*Your instructions*
Take from the entries below the stretch from the line with "Anche nei fumetti" through the line with "東屋庭!ビール醸造の香り。木", and return it exactly, leaving the pictures out.

*Data for analysis*
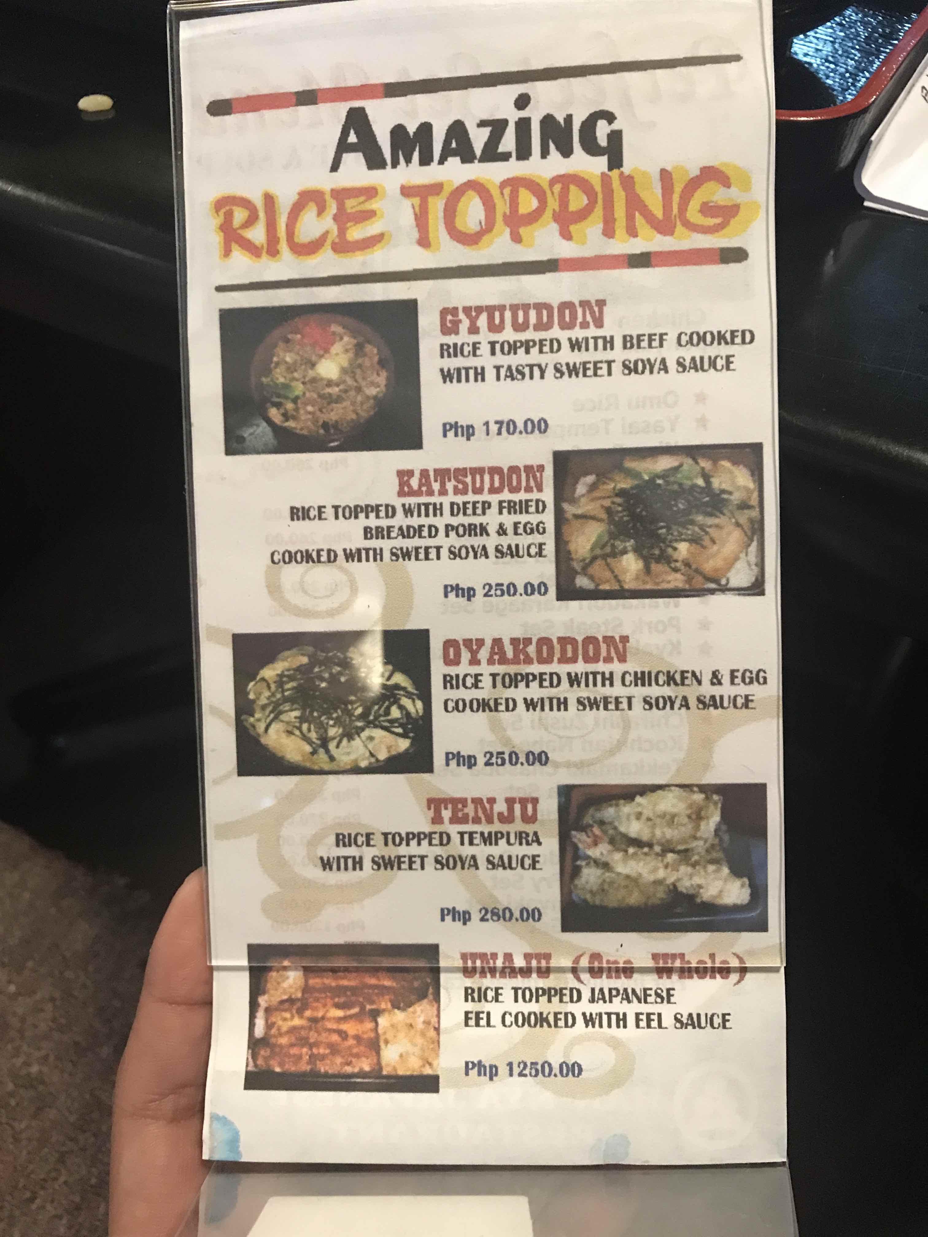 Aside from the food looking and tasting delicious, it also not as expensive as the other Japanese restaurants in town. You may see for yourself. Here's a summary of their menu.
==
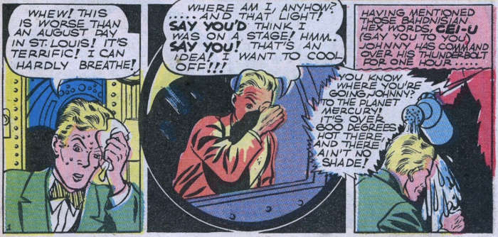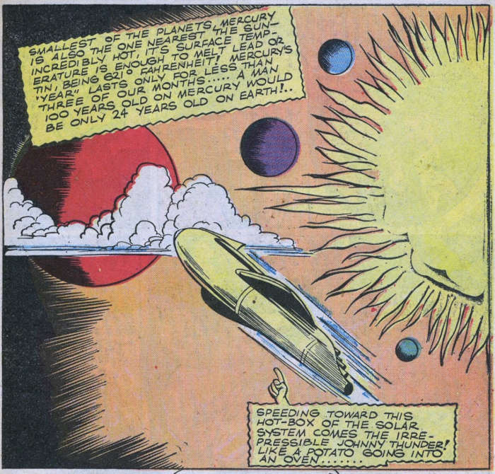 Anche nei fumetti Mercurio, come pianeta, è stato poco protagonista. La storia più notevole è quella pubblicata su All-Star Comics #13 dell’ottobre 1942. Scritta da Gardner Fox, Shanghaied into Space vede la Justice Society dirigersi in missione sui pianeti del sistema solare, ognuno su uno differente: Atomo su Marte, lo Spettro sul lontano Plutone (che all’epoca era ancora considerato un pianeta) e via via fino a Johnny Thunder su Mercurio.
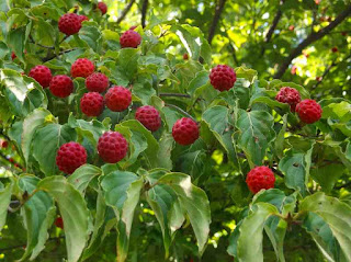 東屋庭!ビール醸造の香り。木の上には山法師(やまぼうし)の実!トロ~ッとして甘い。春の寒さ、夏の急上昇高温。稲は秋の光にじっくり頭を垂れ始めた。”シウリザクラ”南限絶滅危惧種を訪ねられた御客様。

*Solution*
 Anche nei fumetti Mercurio, come pianeta, è stato poco protagonista. La storia più notevole è quella pubblicata su All-Star Comics #13 dell’ottobre 1942. Scritta da Gardner Fox, Shanghaied into Space vede la Justice Society dirigersi in missione sui pianeti del sistema solare, ognuno su uno differente: Atomo su Marte, lo Spettro sul lontano Plutone (che all’epoca era ancora considerato un pianeta) e via via fino a Johnny Thunder su Mercurio.
 東屋庭!ビール醸造の香り。木の上には山法師(やまぼうし)の実!トロ~ッとして甘い。春の寒さ、夏の急上昇高温。稲は秋の光にじっくり頭を垂れ始めた。”シウリザクラ”南限絶滅危惧種を訪ねられた御客様。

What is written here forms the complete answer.